── Raw data ──
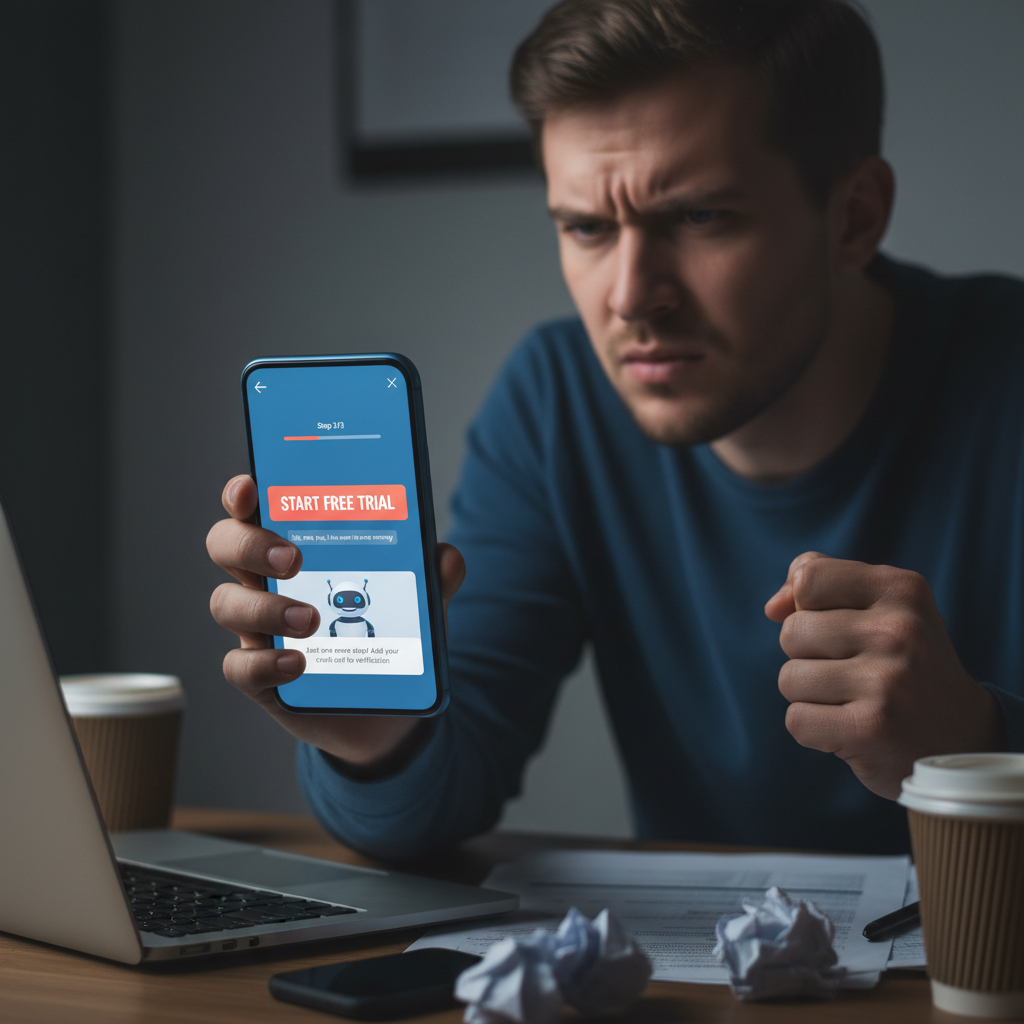 - Bait-and-switch prompts: Promising quick onboarding, then bombarding with unexpected questions.
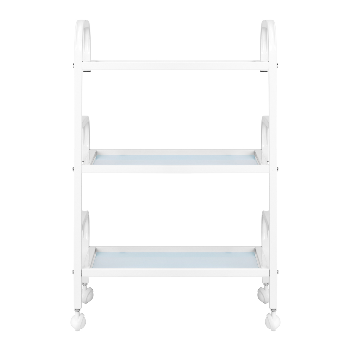 Stelaż z trwałego aluminium w odcieniach bieli oraz szklane półki tworzą nowoczesną i estetyczną całość, którą łatwo utrzymać w czystości. Cztery kółka zapewniają mobilność, co ułatwia organizację przestrzeni roboczej, a solidne materiały gwarantują stabilność i trwałość użytkowania.
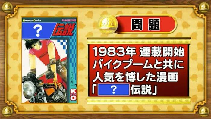 最後は、なつかし漫画の問題。今から40年前の1983年に連載が開始され、バイクブームと共に人気を博した漫画『[?]伝説』。「?」に入る言葉は何でしょう?
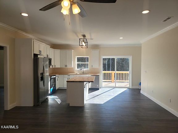 Brand New 2 level home with 4 total bedrooms on 1.1 acres of land in the Kings Hill Community with 3 additional lots available. Conveniently located within minutes of Watts Bar Lake and the Tennessee River. The main level offers an open floor plan with a split bedroom concept. 3 bedrooms and 2 full baths. The lower level includes a 4th bedroom and additional bathroom as well as an office, and huge recreation room. The main bedroom/bath has double sinks, a gorgeous tile shower and a large walk-in closet. The beautiful kitchen has white shaker cabinets, granite counter tops, stainless appliances to include the refrigerator, range, dishwasher and microwave. The Island bar gives an extra workspace and storage for the household chef. The laundry closet is located on the main level
───
[Exercise details]:
Print verbatim every line above, apart from the pictures.

[Answer box]:
 - Bait-and-switch prompts: Promising quick onboarding, then bombarding with unexpected questions.
 Stelaż z trwałego aluminium w odcieniach bieli oraz szklane półki tworzą nowoczesną i estetyczną całość, którą łatwo utrzymać w czystości. Cztery kółka zapewniają mobilność, co ułatwia organizację przestrzeni roboczej, a solidne materiały gwarantują stabilność i trwałość użytkowania.
 最後は、なつかし漫画の問題。今から40年前の1983年に連載が開始され、バイクブームと共に人気を博した漫画『[?]伝説』。「?」に入る言葉は何でしょう?
 Brand New 2 level home with 4 total bedrooms on 1.1 acres of land in the Kings Hill Community with 3 additional lots available. Conveniently located within minutes of Watts Bar Lake and the Tennessee River. The main level offers an open floor plan with a split bedroom concept. 3 bedrooms and 2 full baths. The lower level includes a 4th bedroom and additional bathroom as well as an office, and huge recreation room. The main bedroom/bath has double sinks, a gorgeous tile shower and a large walk-in closet. The beautiful kitchen has white shaker cabinets, granite counter tops, stainless appliances to include the refrigerator, range, dishwasher and microwave. The Island bar gives an extra workspace and storage for the household chef. The laundry closet is located on the main level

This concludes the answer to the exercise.